Together, East Valley School District music teachers Bruce Preuninger, Mary Jayne and Linda Wruble have more than 80 years of experience. Affectionately known as “institutions” within East Valley’s music programs, the trio have spent the better part of a lifetime touching the lives of countless children across every grade level, teaching in nearly every East Valley School.
They have organized hundreds of concerts for children to show off what they know, and passed on the love of music to thousands of young musicians, singers and songwriters.
“It’s been the best job, really, in the whole wide world,” said Wruble, the music teacher at Skyview Elementary School. “I mean, how many people get to come to work and sing and dance every day?”
Preuninger, Jayne and Wruble will all retire this year, after 33, 27 and 25 years, respectively.

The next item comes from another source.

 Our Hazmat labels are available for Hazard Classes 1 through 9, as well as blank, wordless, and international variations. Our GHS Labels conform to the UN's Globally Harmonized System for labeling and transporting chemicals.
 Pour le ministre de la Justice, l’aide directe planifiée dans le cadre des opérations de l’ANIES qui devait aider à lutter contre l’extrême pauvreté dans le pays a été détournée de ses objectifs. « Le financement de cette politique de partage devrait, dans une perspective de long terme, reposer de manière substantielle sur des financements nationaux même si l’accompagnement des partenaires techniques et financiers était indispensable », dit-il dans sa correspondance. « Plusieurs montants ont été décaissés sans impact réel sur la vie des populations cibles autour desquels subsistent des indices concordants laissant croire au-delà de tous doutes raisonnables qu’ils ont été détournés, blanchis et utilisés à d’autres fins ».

“I’ve been the luckiest person in the world, that’s how I feel,” Jayne said. “I have two great loves in my life; I love kids and I love music, and I’ve been able to combine those in my professional world. It doesn’t get any better.”
For Preuninger, the band teacher at Mountain View Middle School, his love of music and his desire to teach started when he was in the fifth grade on Spokane’s South Hill.

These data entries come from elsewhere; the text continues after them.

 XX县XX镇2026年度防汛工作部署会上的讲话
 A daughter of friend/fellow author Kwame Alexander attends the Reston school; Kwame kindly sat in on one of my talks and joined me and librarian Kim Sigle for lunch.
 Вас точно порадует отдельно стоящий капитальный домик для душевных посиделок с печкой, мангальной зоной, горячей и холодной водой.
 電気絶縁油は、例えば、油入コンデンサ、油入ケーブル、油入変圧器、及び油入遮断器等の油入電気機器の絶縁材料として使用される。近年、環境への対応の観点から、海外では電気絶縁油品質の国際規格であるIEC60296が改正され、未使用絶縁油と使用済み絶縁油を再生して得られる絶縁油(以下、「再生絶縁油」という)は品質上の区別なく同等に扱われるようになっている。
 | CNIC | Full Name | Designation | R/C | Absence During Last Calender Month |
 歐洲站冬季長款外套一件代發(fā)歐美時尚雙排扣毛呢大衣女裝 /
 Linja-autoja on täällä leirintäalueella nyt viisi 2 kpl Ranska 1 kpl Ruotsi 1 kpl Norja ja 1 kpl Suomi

He was in an All-City Band program that met once a week on Saturdays.
“That was back when there was very little competition for things to do on Saturday,” he said. But after one day, he knew music would become his life’s work.
“I was hooked. There was never a question from that point on that there could be anything as rewarding as teaching,” Preuninger said.
Preuninger said he hopes to do some traveling when he retires. He’ll continue to do some composing and arranging on the side, with hopes of publishing some of his work.
Jayne is the orchestra teacher at East Valley Middle School, and started with the district in 1986, after taking six years off to raise her children. She previously taught in Spokane Public Schools, helping to create an orchestra program at Garry Middle School when it opened in 1971.
She went on to become the music coordinator for grades kindergarten through eighth for Spokane, before taking leave.
Since her return to music in 1986, she said, she has watched as East Valley’s program has grown exponentially.
“We had 135 orchestra kids in our entire district when I started,” Jayne said. “Two years ago we topped out at 525. That’s incredible”
Jayne, 57, plans to use her retirement to teach privately, and may volunteer to be a substitute teacher every once in a while.
Wruble, who also took time off from teaching to raise her children, has been with East Valley for 16 years. She came back as a substitute, and never left.
Her musical roots also go back to her childhood, when she was 6.
“I started our playing piano,” Wruble said.
She had a great-uncle who played the fiddle, and she would accompany him. She played her first wedding when she was in the sixth grade in Creston, Wash., where she grew up.
Wruble plans to travel and spend time with her grandchildren, three of whom live in Texas. She also will continue to direct the choir at Foothills Community Church on Forker Road, where she is a member.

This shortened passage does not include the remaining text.